You can update your institution’s identification of its own alarm-related challenges using the Compendium’s List of Alarm Management Challenges on pages 10-11.  The 10 Ideas for Safe Alarm Management on page 12, which “represent approaches common to robust, multidisciplinary teams,” are as follows:

1. Issue a call to action, championed by executive leadership, which recognizes the challenges and risks—and opportunities—of alarm management and commit to solving them.
2. Bring together a multidisciplinary team to spearhead action and build consensus.
3. Gather data and intelligence to identify challenges and opportunities—and be open to surprises.
4. Prioritize the patient safety vulnerabilities and risks to target with alarm management improvements.
5. Set and share goals, objectives, and activities to address patient safety vulnerabilities and risks.
6. Develop and pilot potential solutions.
7. Evaluate the effectiveness of improvements and make adjustments as needed.
8. Develop policies and procedures.
9. Educate to build and maintain staff competencies.
10. Scale up and sustain by creating ownership at the unit level and with continuous improvement.

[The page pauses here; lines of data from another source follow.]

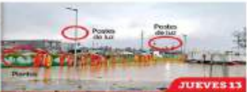
REFINERÍA DOS BOCAS 14 enero 2022

Las importaciones de carne "res, cerdo y pollo" aumentaron un punto porcentual y se convirtieron del año pasado 4 mil 377 millones de dólares, un aumento de 86.2 por ciento de acuerdo con el Grupo Consultor de Mercados Agrícolas (GCMIA). Si bien las exportaciones también crecieron, no lo hicieron en la misma proporción: 3 mil 85 millones de dólares, 24 por ciento por arriba del año anterior. Para el GCMIA, esto se explica por la elevada inflación en nivel mundial, lo cual disparó los precios del comercio exterior de carnes. En total, el déficit de balanza comercial de carne alcanzó mil 343 millones de dólares entre enero y noviembre de 2021, 294.4 por ciento mayor que en el año previo. En 2020, el déficit acumulado en el período fue de 147 millones 968 mil dólares. El precio promedio de las
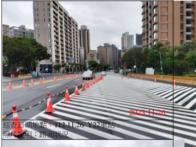
巡查日期地點：112.11.26/ Y22車站 照片說明：路面狀況
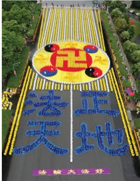
图：2012 年 11 月 17 日，五千名台湾法轮功学员在总统府前的广场上，排出“法正天地”及法轮功的标志法轮图形，场面宏伟壮观。

一个毕生追求宇宙人生的真理，遍览古今中外圣贤书籍而不得其解，困惑多多的人，忽然在一本书里发现了所有问题的答案，过去的一切矛盾疑团豁然开朗。
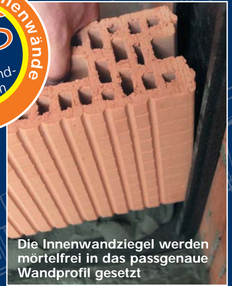
Die Innenwandziegel werden mörtelfrei in das passgenaue Wandprofil gesetzt
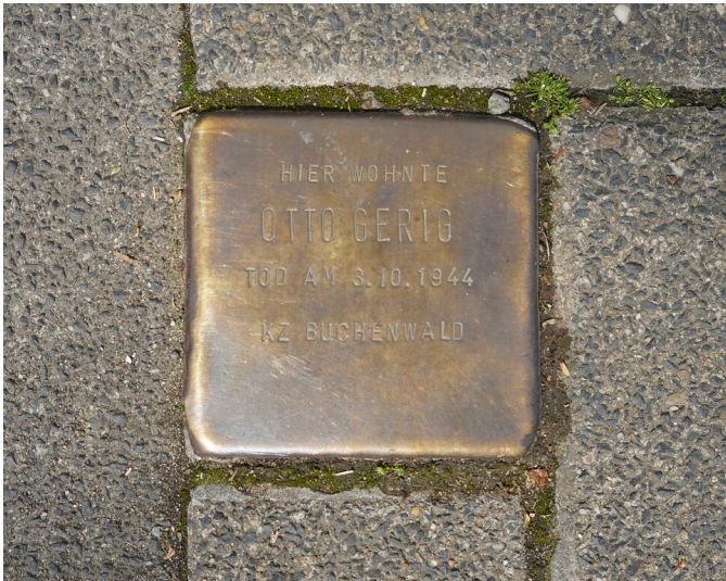
Stolperstein zur Erinnerung an Otto Gerig in Köln-Deutz (2022)
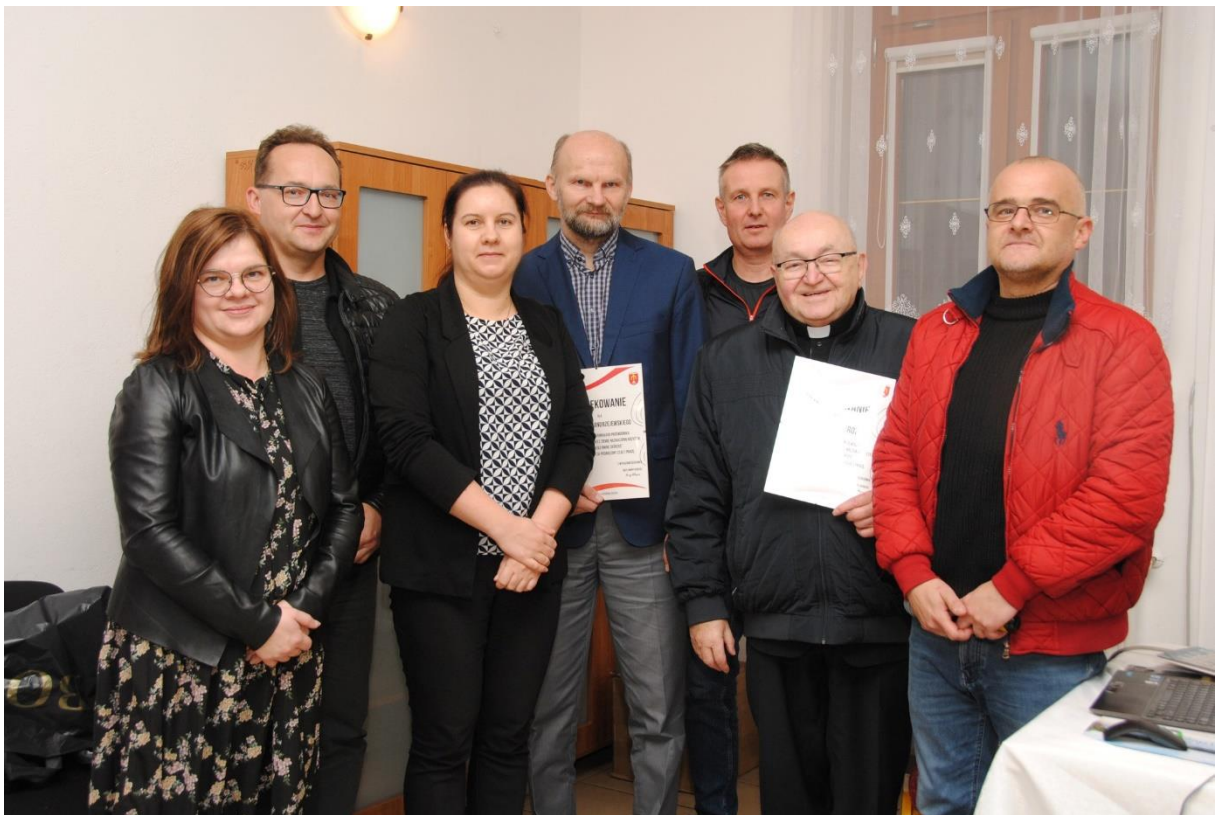
Spotkanie promocyjne książki „Z Drozdem i Zbirkiem przez ziemię naznaczoną Krzyżem, czyli rajd po gminie Skórzec”
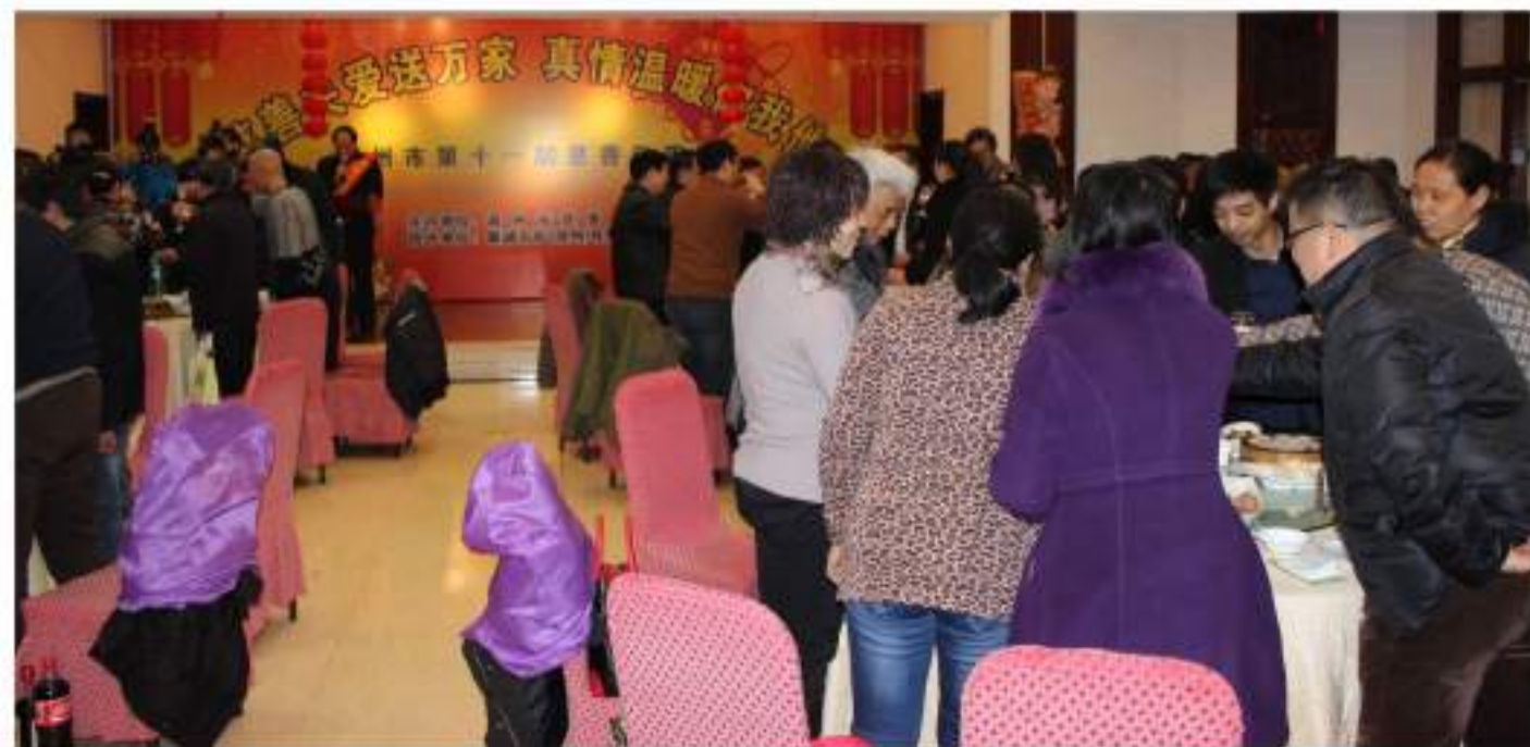
由康诚慈善基金出资协办湖州市第十一届慈善年夜饭

The best place to start is in your own domain, the OR suite.  The ASA Statement on Principles referenced at the beginning of this Alert starts with the proposition that “Each facility should have an Alarm Management Policy (… AMP) pertaining to Anesthesia equipment and/or devices used by anesthesia professionals.”  and that “the AMP should describe the equipment and alarms found in each care environment (OR, PACU, ICU, Pain clinic, special procedures, etc.).”  It goes on to state that anesthesia professionals who use or monitor the equipment and medical devices with alarm systems “should be involved in the creation and maintenance of the AMP.”  Furthermore,

• Alarm system settings must balance patient and provider safety risks against unintended consequences (distraction, alarm fatigue, intrusiveness).  Thus, ALARM SYSTEM SETTINGS should be locally customized to reflect the patients, the practice, and the perceived risks of the alarm conditions in each care environment.
   
• The AMP should delineate the process for familiarizing all Anesthesia Professionals with the recommended use of Alarm Systems in use in the facility.  The nature and occurrence of such familiarization for each Alarm System should be documented.
   
• Anesthesia Professionals should adjust Alarm settings as appropriate for a particular patient prior to starting an anesthetic.  Clinicians should not indefinitely silence or disable alarms on any device, unless necessary because:  (a) the device or module is not in use, (b) the device or module has malfunctioned, or (c) the patient’s medical condition supports using the AUDIO OFF or ALARM OFF modes. 
   
• In general, individual Anesthesia Professionals should not be able to change default alarm settings of any Anesthesia Equipment.  The AMP should specify an institutional process for changing default alarm settings.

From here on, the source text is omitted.